Barbara Aitken, a social worker and team manager for children with disabilities at Dumfries and Galloway council, agrees.

Aitken’s social workers are the initial port of call for referrals from GPs, education, health, other agencies and parents themselves. After conducting initial assessments, they often refer cases into the Quarriers short-break fostering service.

“From the outside, people can think this is just ‘a nice wee job’ but we’ve had examples in the past where social workers have struggled,” says Aitken, who previously worked as a senior social worker in a children and families team.

“Cases that I consider to be the most complex – and there are not a huge number of them – but those cases, where you have parents with their own particular issues, on top of the issues that present with a child with a complex learning disability or life threatening condition…,” she pauses,“…well, it just makes the whole thing challenging on a whole different level and all the emotional stuff that goes along with that.”

The workload of Aitken’s team has increased in recent years. Her social workers now routinely handle caseloads from the “high 40s to around 55”, she says.

Two key factors driving the growing demand are the “huge increase” in the number of children diagnosed as having autism spectrum disorder, and the fact that many children with disabilities are living longer thanks to technological and medical advances, says Aitken.

The growth in autism diagnoses has been a challenge for Welsh’s team at Quarriers too. She now estimates that around 75% of the children her service supports are on the autism spectrum. There is ongoing debate locally and nationally regarding the reasons behind the rising diagnosis rates, she says.

“Has the prevalence of autism increased? Has the complexity of autism increased? Are professionals getting better at diagnosing it? Or is another factor involved? The jury is probably still out. But there is no doubt that those issues are commanding more and more resource locally,” says Welsh.
“We’re getting to grips with it. But sometimes it can feel like you still have your L plates on.”

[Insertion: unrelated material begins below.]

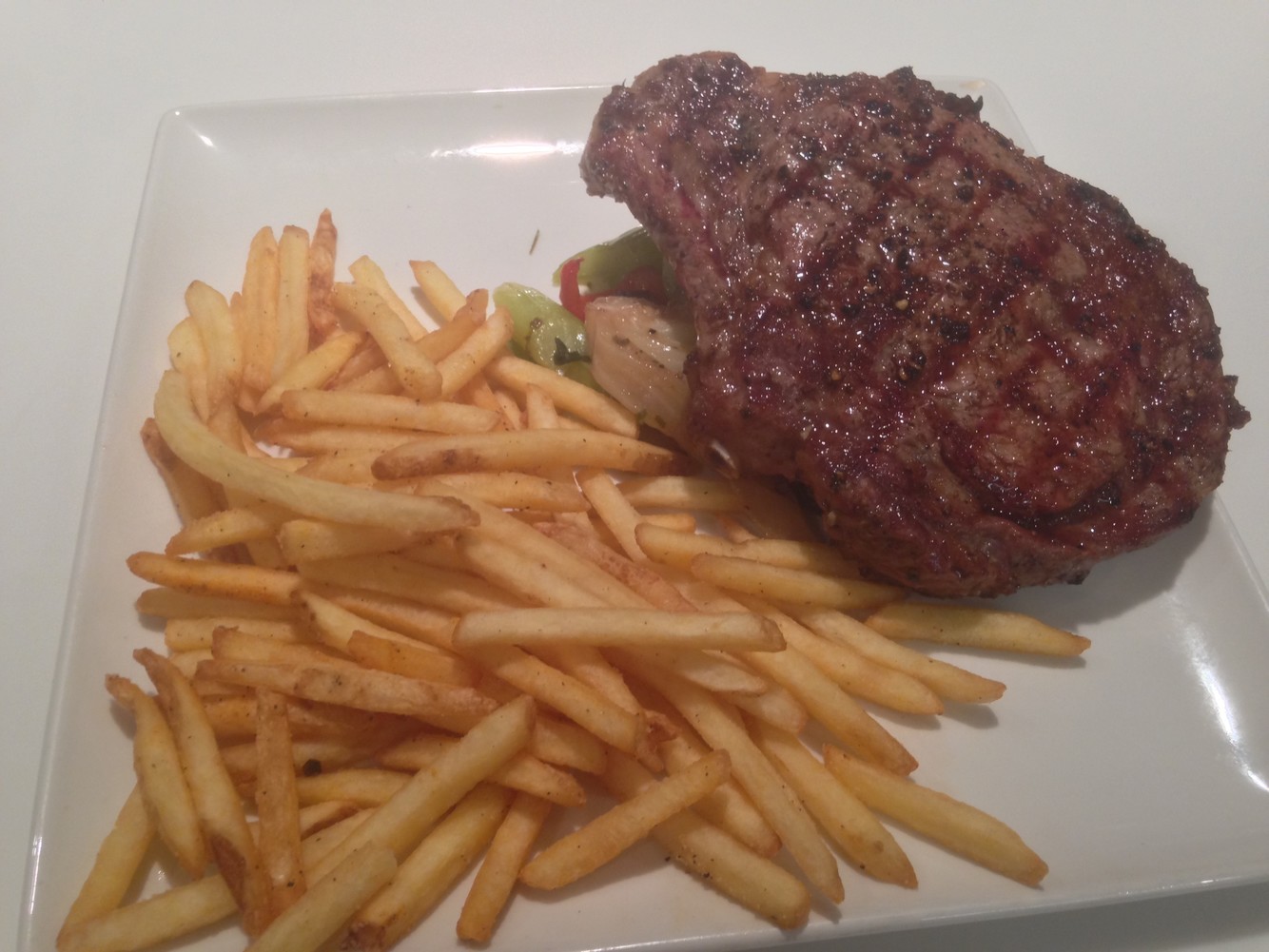 centre cut from the rib section, well-marbled with great flavour, served with skinny fries, seasonal vegetables

The signs are that the Quarriers team have adapted well. The service was commended by members of the Scottish parliament and Quarriers’ fostering work was awarded top marks following a recent inspection from The Care Inspectorate – Scotland’s equivalent of the Care Quality Commission.

Aitken says that the early intervention work of the Quarriers social workers has also helped contribute to the “huge reduction” seen locally in the number of children with disabilities who have been sent to out-of-area placements because local schools and social services can’t meet their needs. 

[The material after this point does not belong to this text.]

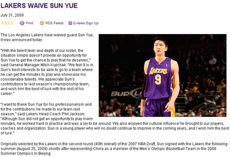 湖人宣布放棄孫悅 “中國(guó)太陽(yáng)”NBA之路將向何方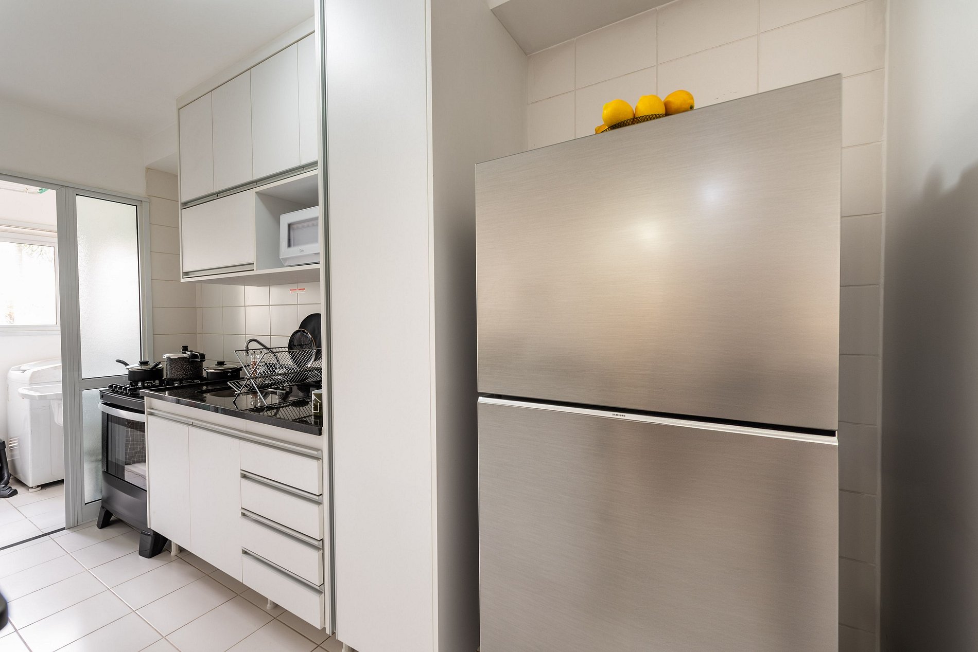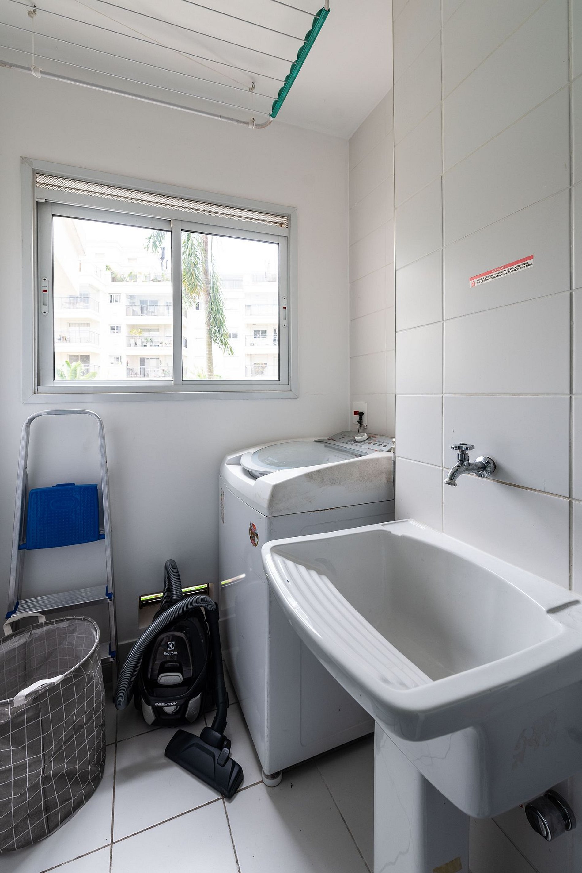 * Área de Serviço: Equipada com máquina de lavar e secar roupa, varal, vaporizador e cesto de roupa.

Being able to help children with disabilities remain in their family settings is one of the best parts of this area of social work, says Aitken.

“Sometimes I felt in children and families that a lot of the work, just by the nature of it, was with children basically on the brink of being removed from their families, where there can be huge issues present,” she says.

“Whereas, we actually support a lot of families to continue caring for their child at home and all the benefits that come with that for long periods of time. So there can be very nice positive outcomes in this part of work that you don’t often get in some other areas of social work.”